To the best of our knowledge, this study is the first attempt to use IML to accurately estimate the extent to which focal operational features affect outpatient waiting times. The majority of previous studies that aim to understand operational situations and identify service improvements in healthcare were limited in accurately capturing the complex relationship between features and waiting times, primarily due to linearity assumption. Our study empirically reveals the necessity of considering a nonlinear relationship between waiting times and operational features in outpatient care services. By employing IML, we overcome the limitations of previous research, enabling a more precise estimation and interpretation of nonlinear relationships. Thus, our study contributes to filling this research gap that has not yet been addressed in healthcare service management. Moreover, this study represents a novel approach to employing asymmetric loss function and DAES for training of waiting time prediction model, specifically aimed at reducing both underestimation and excessive overestimation. Thus, our study also contributes to bridging the research gap by adapting patient-centered philosophies, which have been previously overlooked in the literature on outpatient waiting time prediction.

The methodological contribution and practical applicability of this study were validated through a case study on the importance estimation of operational features affecting the waiting times in the EM and NS departments’ outpatient services of one of the largest hospitals in South Korea. To highlight the practical contributions of our framework and provide concrete examples of its application, we present several valuable applications in the healthcare setting as follows: (Real-time patient notifications) One key application is the provision of real-time patient notifications.

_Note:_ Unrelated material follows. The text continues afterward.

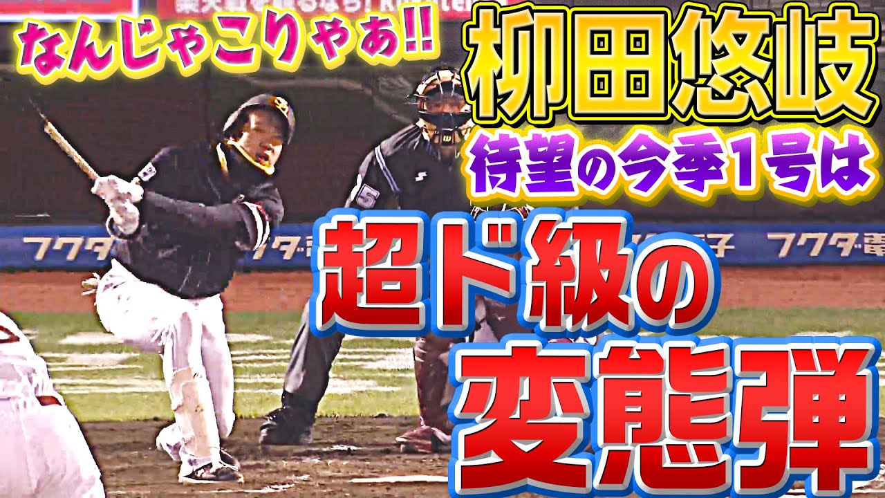 そろそろ出るのか?と思われていた福岡ソフトバンク・柳田悠岐の第1号。待望の一発が飛び出したが、超ド級の逆方向変態弾だとは思いもしなかった…。ギータらしさ溢れる一発、何度もどうぞ!!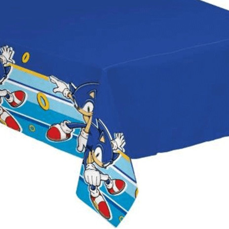 Toalha plástica do Sonic para decoração de festas de aniversário com o mesmo tema.

For instance, many patients have expressed frustration with not knowing how long they may need to wait for their consultations. Our case studies demonstrate that our methodology accurately predicts waiting times in 1-min units, providing a higher level of granularity compared with traditional 15- and 30-min units. Our approach also offers explanations for its prediction. Providing patients with precise updates about their consultation can enhance the overall patient experience, reducing anxiety and dissatisfaction. (Operations improvement) From the perspective of outpatient operations, our framework allows healthcare providers to better understand the factors contributing to longer waiting times. On the basis of the advantages of IML discussed earlier, we can identify the specific reasons behind extended waiting times. This knowledge allows for strategic interventions, such as adding extra nurses, to reduce waiting times or adjusting appointment schedules. The ability to determine the causes of longer waiting times is a significant contribution to operational efficiency. (Minimizing patient dissatisfaction) Our research emphasizes the importance of minimizing potential patient dissatisfaction due to inaccurate predictions. By incorporating an asymmetric loss function and DAES into our model, we can reduce the effects of inaccurate predictions on patients. This not only enhances the patient experience but also reduces the risk of dissatisfaction, which can negatively affect the reputation of healthcare service providers. In conclusion, we believe the proposed framework will serve as a valuable tool for monitoring, managing, and enhancing hospital outpatient services.